O Mighty Pinaud, thou who protectest all wet shavers from the ravages of uncivilized modernity, strike down the calumniators who accuse me of cavorting among felines with overly full bladders. Seal with masking tape of high quality the mouths of those who ascribe to me an involuntary change of gender and an advancement of years even unto the grave, or at least perilously close thereto. Guide and protect me and all my brethren (and sistern) on my way to the eternal late-nineteenth-century tonsorial establishment that awaits all wet shavers who remain true to the Oath!

Ah, men!


My word! TopGumby, you have some competition! :lol:

That is awesome!
 
My word! TopGumby, you have some competition! :lol:

That is awesome!

There is no competition in the Band of Vegetal Brothers, for he that posts with me, and wears the Veg on this day, forever will be my Vegetal Brother.

When the Nid Hog sounds the clarion call for Lilac Vegetal with evocative prose and his command of the historical significance of The Veg , does it not ennoble all the Veg Brethren?

When Viseguy expresses his deep understanding of the mysteries that swirl around The Veg, does not his supplication allow us all to stand tall? When he takes The Veg on the road, does he not show us the road forward?

When any wetshaver, anywhere, raises his voice, picks up his pen, or posts his appreciation for The Veg, does not the reflected glory of the The Veg splash freely over us all?

There is no "I" in Vegetal. There is however, room for all in this noble association of those who know The Veg!




Unless you make with the cat pee jokes.

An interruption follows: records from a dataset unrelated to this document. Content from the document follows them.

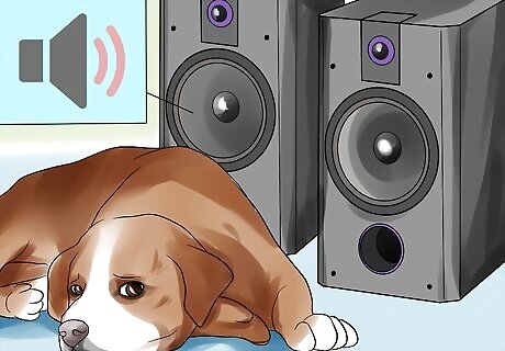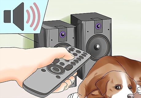 Gradually increase the volume of the feared sound. Once the dog is regularly taking no notice of the quiet background sounds, turn the volume up a tiny amount. This should be slightly louder than previously, but not enough to make the dog shows signs of anxiety, such as lip licking, pacing, whining, shivering, or shaking. Again, reward the dog with love or treats for being in the presence of the alarming noise, but not being fearful of it. Repeat this exposure until you are sure the dog is not reacting at all, and then you are ready to turn the volume up one more notch.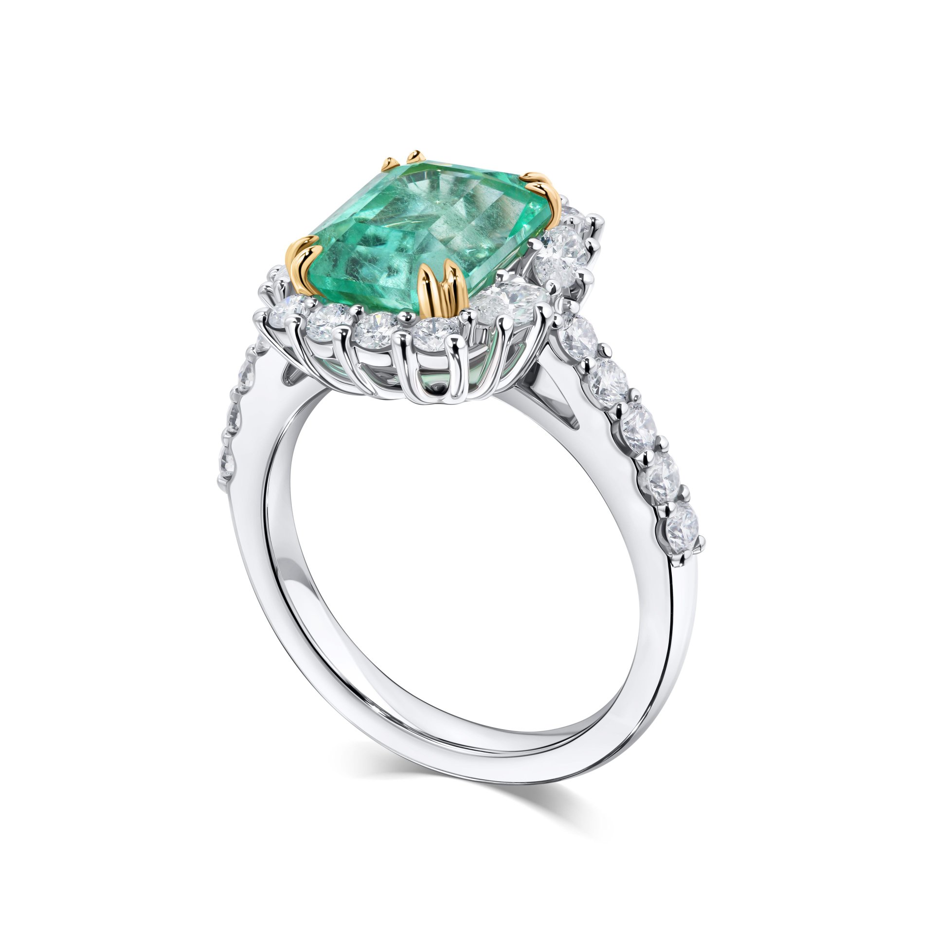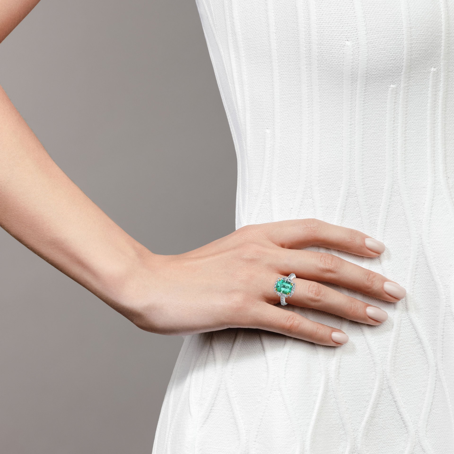 Кольцо с изумрудом 3.09 карат — это воплощение изысканности и утончённого стиля. Центральное место в этом украшении занимает великолепный изумруд весом 3.09 карат, который поражает своей насыщенной зеленью и прозрачностью. Камень окружён сияющими бриллиантами, подчёркивающими его природную красоту и создающими эффектный контраст. Обрамление из белого золота придаёт кольцу современный и элегантный вид, подчёркивая блеск каждого элемента.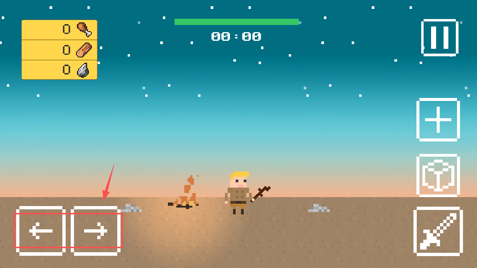 4、使用屏幕上的虚拟按钮控制角色移动和攻击,收集资源,生存下去。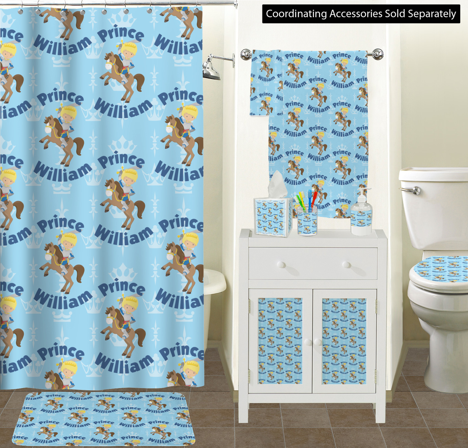 This is the perfect custom / personalized prince design for any young boy. We have created a layered pattern, where the first background is a simple tone on tone crowns pattern. We then layered it with our curved custom text and graphic, where we used "Prince" and "William" as the text and we used a graphic of a prince on horse.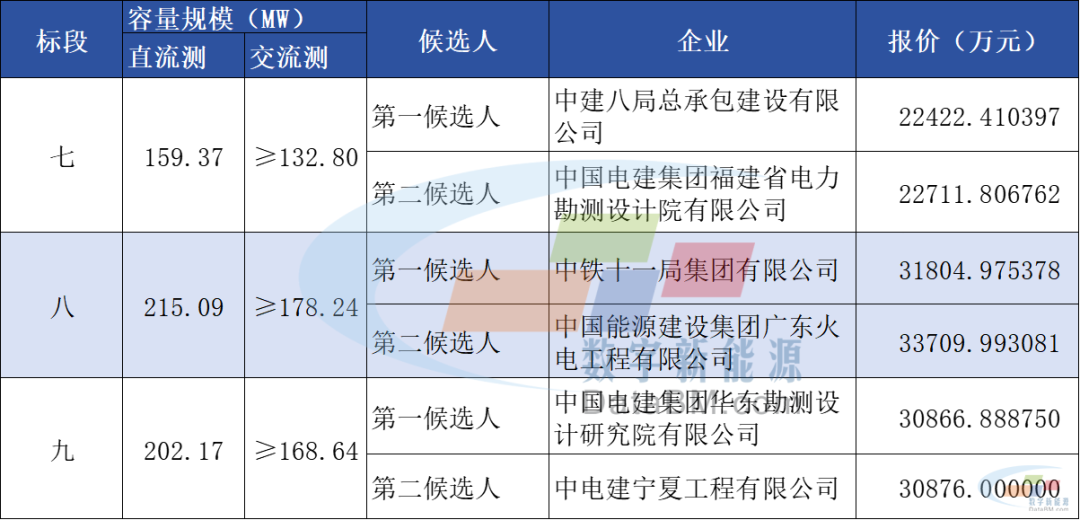 10月14日,寧夏電力國(guó)能紅寺堡新能源有限公司“寧湘直流”配套紅寺堡150萬(wàn)千瓦新能源基地項(xiàng)目EPC工程(七標(biāo)段、八標(biāo)段、九標(biāo)段)公開招標(biāo)中標(biāo)候選人公示,中建八局總承包建設(shè)有限公司、中鐵十一局集團(tuán)有限公司、中國(guó)電建(5.780, -0.08, -1.37%)集團(tuán)華東勘測(cè)設(shè)計(jì)研究院有限公司分別位列三個(gè)標(biāo)段第一候選人。
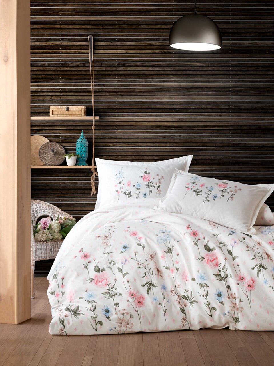 Lenjerie de pat dubla Super King (FR), 3 piese, Lessentiel Maison, Begona, Bumbac;Poliester, Alb / Roz / Verde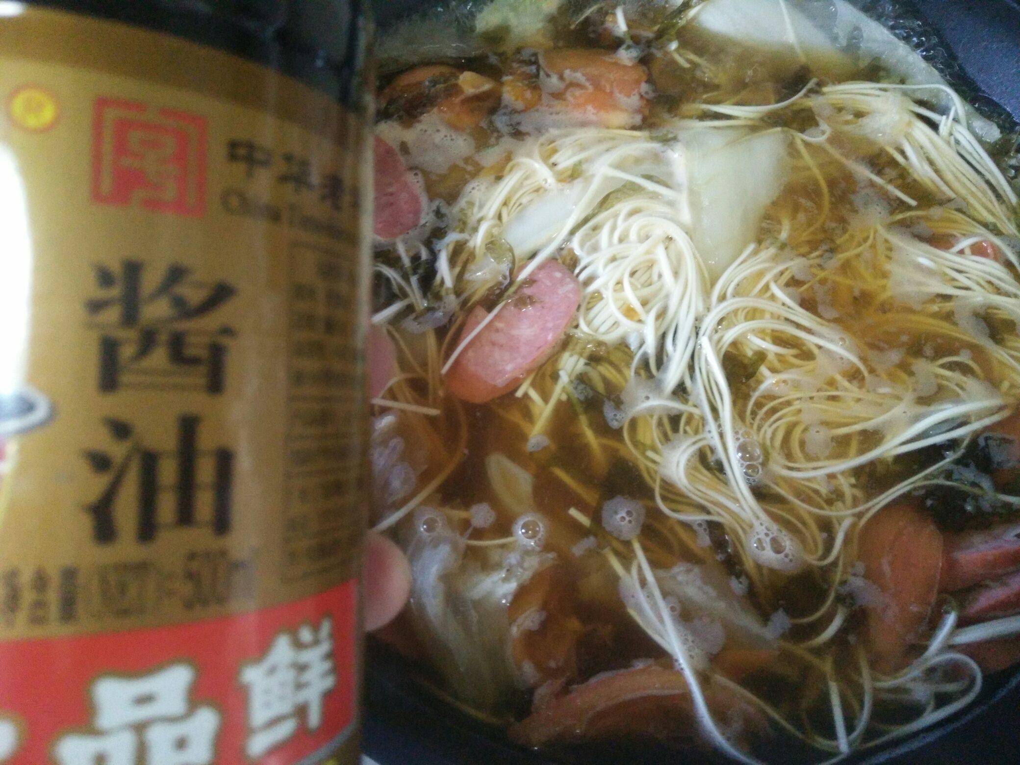 1、准备材料:挂面适量、白菜适量、西红柿一个、紫菜适量、虾皮适量、香肠半根、盐适量、鸡精适量、葱花适量、香菜适量。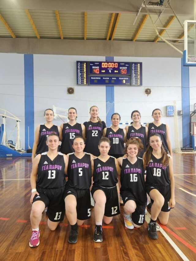 Τα κορίτσια της ομάδας καλαθοσφαίρισης του Γενικού Λυκείου Πάρου, μαζί με τον προπονητή τους και καθηγητή Φυσικής Αγωγής, Δημήτριο Λαθούρη, αντιμετώπισαν σήμερα, Τετάρτη 17 Απριλίου 2024, στο Δημοτικό στάδιο Σιταποθηκών Κερατσινίου, το Γενικό Λύκειο Πλωμαρίου, για τον τελικό αγώνα Βορείου και Νοτίου Αιγαίου.
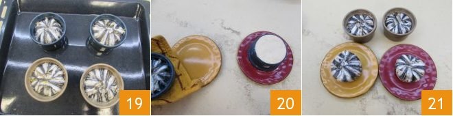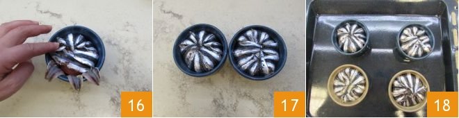 Bake in a preheated static oven at 356°F (180°C) for 10 minutes (if using a convection oven, bake at 320°F (160°C) for 7-8 minutes). Remove the pies from the oven 19 and let them cool for a few minutes, then invert the molds 20, unmold them, and serve your anchovy pie still warm 21.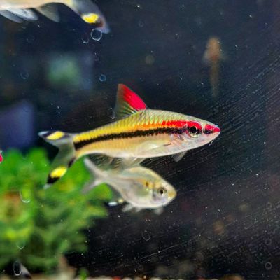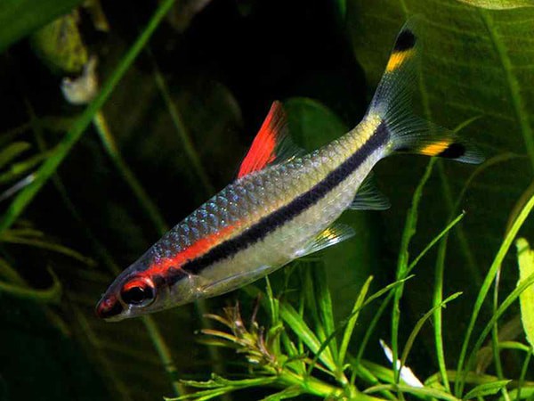 По всей длине рыбы проходит черная боковая полоса. Он проходит от кончика рыла до основания хвостового плавника. Над ним параллельная красная полоса! Алая линия начинается у морды, проходит через глаз и исчезает в средней части рыбы.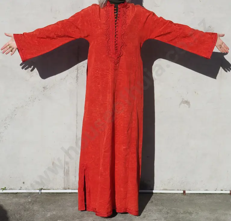 Vintage Moire Silk Kaftan with Elaborate Over Embroidery & Braiding. Handmade Loop & Button Closure in Vermilion Estimate: $100 - $200

Then there ain't no room at the inn, pal.
 
The veg chose me too.. But I don't choose the veg... Smells like corn huskers lotion initially then that evaporates and smells like lilac... Don't care for it
 

Whilliam

First Class Citizen
Sometimes when I whip up lather from no-name soap, I add a dash of Lilac Veg to the mix just to leaven things. Adds a nice note to the my morning song.
 

luvmysuper

My elbows leak
Staff member
The veg chose me too.. But I don't choose the veg... Smells like corn huskers lotion initially then that evaporates and smells like lilac... Don't care for it

Ahhh, but there's the rub...

If you don't care for it, then in fact you were NOT chosen.